**What you have to do**
Under this line are the records; repeat exactly the lines starting at the one containing "Kid Girl Gold Rose Print Dress Wholesale" and ending at the one containing "Передняя панель выполнена", omitting pictures.

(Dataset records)
+---+

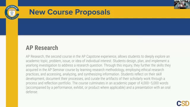 Cheltenham administrators told the Educational Affairs Committee they intend to expand advanced and experiential offerings by proposing AP Research, creating an honors Environmental Science to accompany a proposed ninth-grade requirement, and formalizing a two-part internship experience.
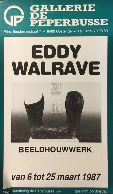 Affiche : Eddy Walrave. Beeldhouwwerk. Tentoonstelling. Gallerie De Peperbusse. Van 6 tot 25 maart 1987
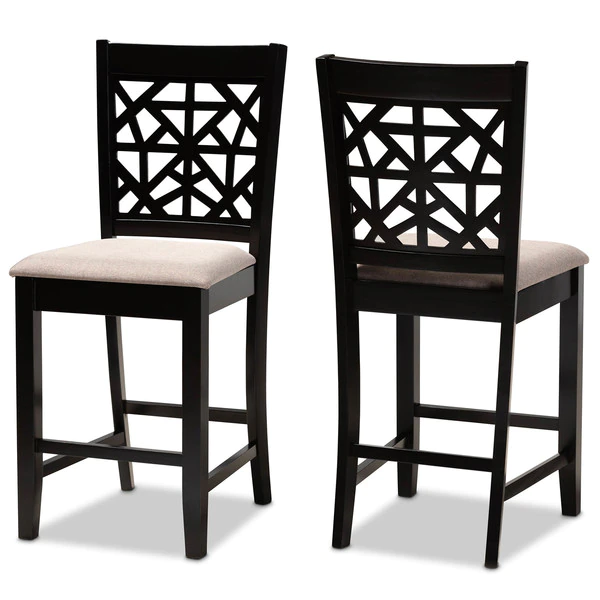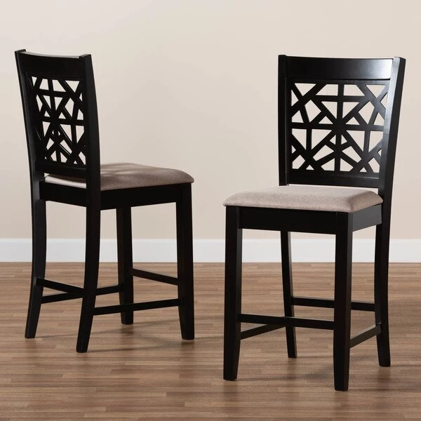 Baxton Studio Lanier Gray Upholstered Espresso Finished Wood Pub Chair, PK2
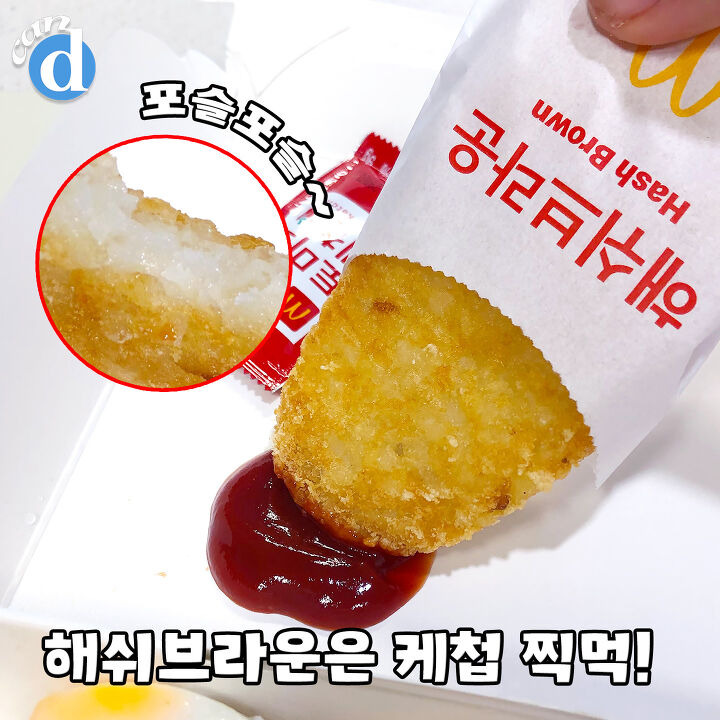 제일 먼저 애피타이저, 해쉬 브라운부터 먹어줄게요. 포장해서 오는 길에 약간 눅눅쓰 해졌지만
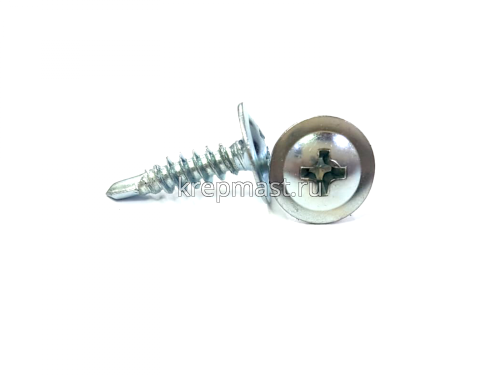 Саморез по металлу с полусферической головкой и пресс-шайбой со сверлом 4.2 x 16 применяется для отделочных работ и в мебельном производстве.
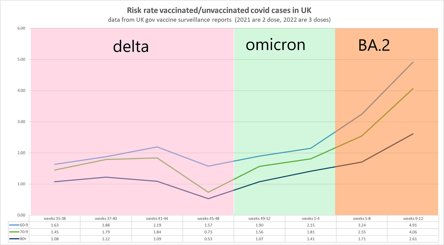 omicron started looking bad for the the older groups and reversed the trend, but BA.2 really blew them out. the rise in risk rate from feb to march has been extreme.
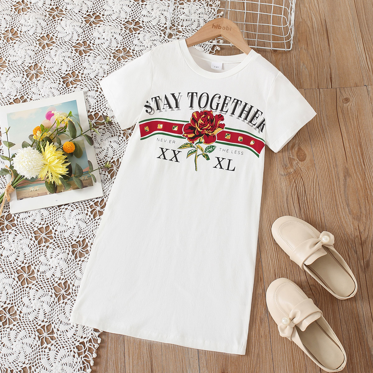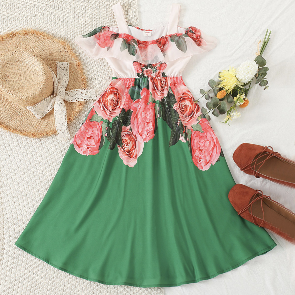 Kid Girl Gold Rose Print Dress Wholesale
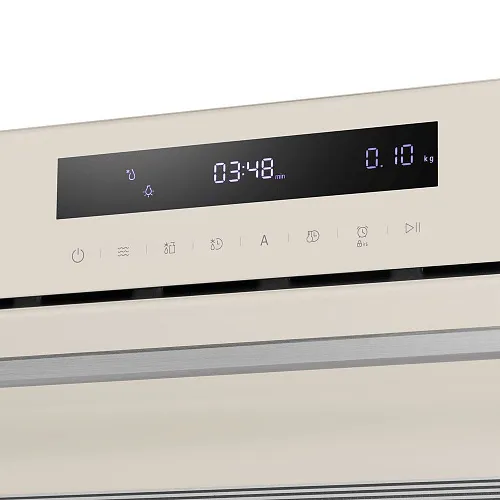 Передняя панель выполнена из стекла. Свет зажигается при открытии дверцы. Настройка программ и таймера осуществляется при помощи сенсорного дисплея.
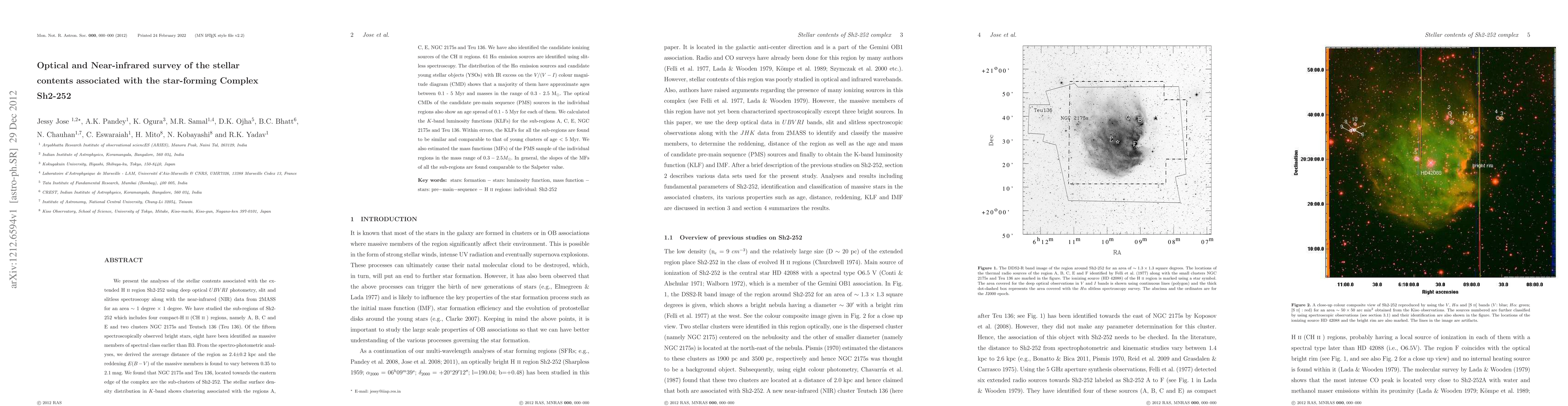 We present the analyses of the stellar contents associated with the HII region Sh2-252 using UBVRI photometry, slit and slitless spectroscopy along with the NIR data from 2MASS for an area ~1 degree x 1 degree. We studied the sub-regions of Sh2-252 which includes four compact-HII (CHII) regions, namely A, B, C and E and two clusters NGC 2175s and Teutsch 136 (Teu 136). Of the fifteen spectroscopically observed bright stars, eight have been identified as massive members of spectral class earlier than B3. From the spectro-photometric analyses, we derived the average distance of the region as 2.4+/-0.2 kpc and the reddening of the massive members is found to vary between 0.35 to 2.1 mag. We found that NGC 2175s and Teu 136, located towards the eastern edge of the complex are the sub-clusters of Sh2-252. The stellar surface density distribution in K-band shows clustering associated with the regions A, C, E, NGC 2175s and Teu 136. We have also identified the candidate ionizing sources of the CHII regions. 61 H_alpha emission sources are identified using slitless spectroscopy. The distribution of the H_alpha emission sources and candidate YSOs with IR excess on the V/(V-I) CMD shows that a majority of them have approximate ages between 0.1 - 5 Myr and masses in the range of 0.3 - 2.5 M_sun. The CMDs of the candidate YSOs in the individual regions also show an age spread of 0.1 - 5 Myr for each of them. We calculated the KLFs for the sub-regions A, C, E, NGC 2175s and Teu 136. Within errors, the KLFs for all the sub-regions are found to be similar and comparable to that of young clusters of age < 5 Myr. We also estimated the mass functions (MFs) of the PMS sample of the individual regions in the mass range of 0.3 - 2.5 M_sun. In general, the slopes of the MFs of all the sub-regions are found comparable to the Salpeter value.
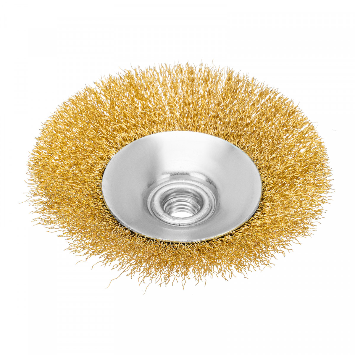 Щетка для УШМ «Тарелка» Denzel 746163, М14, диаметром 125 мм, с щетиной из витой нержавеющей проволоки 0,3 мм, используется для щадящей обработки металлических, в том числе нержавеющих, а также деревянных и пластиковых поверхностей. Постепенно снимает тонкий слой ржавчины, старого лака или краски, удаляет загрязнения. Подходит для придания поверхности заданной шероховатости или подчеркивания структуры дерева. Тарельчатая форма щетки оптимальна для обработки как плоскостей, так и труднодоступных мест. Щетку устанавливают на вал углошлифовальной машины (УШМ), поддерживающей работу со скоростью до 12500 об/мин. Обязательно использование защитных очков, респиратора, перчаток, наушников, спецодежды и обуви. Щетка предназначена для выполнения профессиональных и бытовых работ.
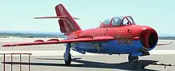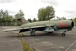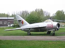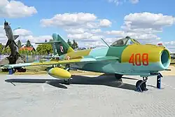 The Mikoyan-Gurevich MiG-17 (Russian: Микоян и Гуревич МиГ-17; NATO reporting name: Fresco)[1] is a transonic fighter aircraft produced in the Soviet Union from 1952 and was operated by air forces internationally. The MiG-17 was license-built in China as the Shenyang J-5 and Poland as the PZL-Mielec Lim-6. The MiG-17 is still being used by the North Korean air force in the present day and has seen combat in the Middle East and Asia.
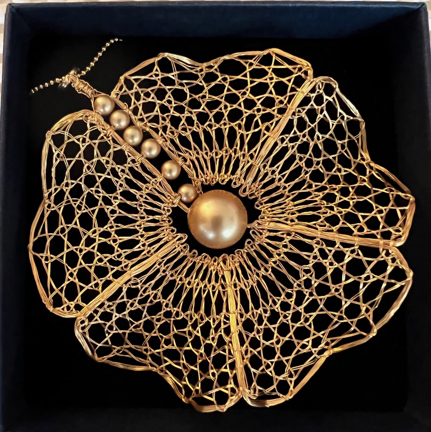 Ceramic calligrahpy with copper wire bobbin lace 10cm diameter x 6cm height
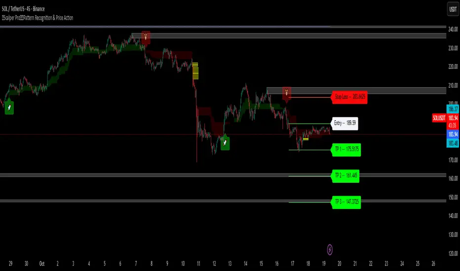Scalper Pro is a comprehensive multi-timeframe trading indicator that combines Smart Money Concepts (SMC) with traditional technical analysis to provide scalpers and day traders with high-probability entry and exit signals. This indicator integrates multiple analytical frameworks into a unified visual system designed specifically for short-term trading strategies.
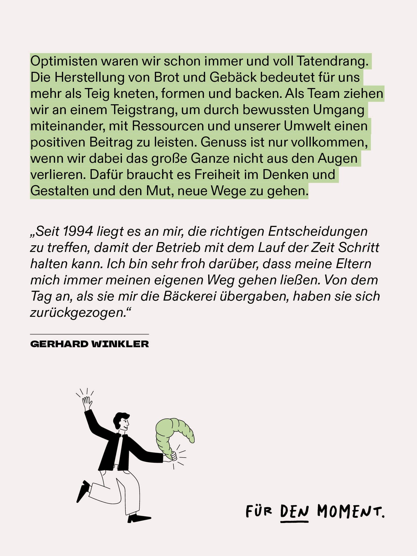 Die Bäckerei WINKLER macht Brot, das mehr kann, als satt machen – es begleitet Menschen in kleinen und großen Momenten. Mit jahrhundertealter Handwerkstradition, Leidenschaft und Verantwortung für Mensch und Natur entsteht ein Genuss, der nicht nur gut schmeckt, sondern sich echt authentisch anfühlt. Brot für den Moment ist dabei mehr als ein Slogan – es ist eine Haltung, die Genuss und Lebensfreude zusammenbringt.
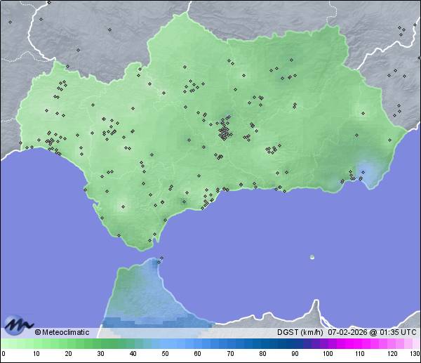 | Carcabuey-Bernabé | 636 | 5,6 | 5,6 | 5,6 | 91 | 91 | 90 | 1.014 | 1.014 | 1.014 | 5 WSW | 20 | 0,5 | 841,5 | |
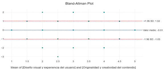 The evaluation of the originality and creativity of the narrative generated by AI shows a variety of perceptions among the different narratives, reflecting significant differences in the appreciation of the innovation and creativity of the content provided. To deepen this assessment, the Bland-Altman Diagram (BAD) is used to analyze the concordance between the perceptions of originality and creativity among the different narratives created. This diagram illustrates the relationship between the means of the originality and creativity scores and their respective standard deviations (SD). Overall, the narratives created by A01 and A06 have high originality and creativity scores, with means of (MV 4.14, SD 0.85) and (MV 4.48, SD 0.85) respectively. These creations offer innovative and creative content and are positively perceived by the participants. The BAD reveals that the low SD in A06 suggests a uniform perception of creativity among participants, while in A01, the deviation is somewhat higher, indicating a slight variability in perception. Groups A09 and A10 also have outstanding scores (MV 4.32, SD 0.83) and (MV 4.28, SD 0.85), respectively. These results show a high valuation of originality and creativity of content, although the DT is somewhat higher, suggesting some diversity in the perception of content creativity. The BAD confirms that the variability in perception is higher in these groups, compared to A06, but still within an acceptable range.
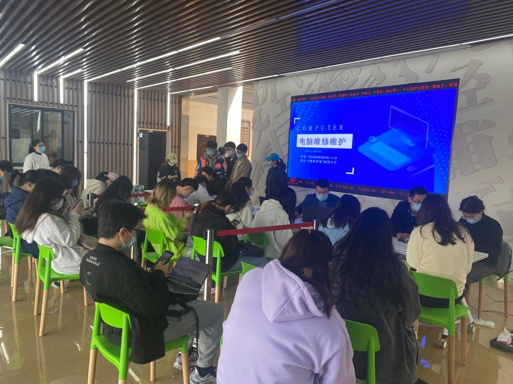 为筑牢疫情防控的坚固防线,更好地满足清明假期间在校师生的需求,4月3日,学院在实验大楼1楼西大厅开展了电脑维修维护暖心服务活动,免费为师生提供电脑操作系统安装、更新,软、硬件故障排查和常用软件维护等。

+---+

**Written reply**
 Kid Girl Gold Rose Print Dress Wholesale
 Передняя панель выполнена из стекла. Свет зажигается при открытии дверцы. Настройка программ и таймера осуществляется при помощи сенсорного дисплея.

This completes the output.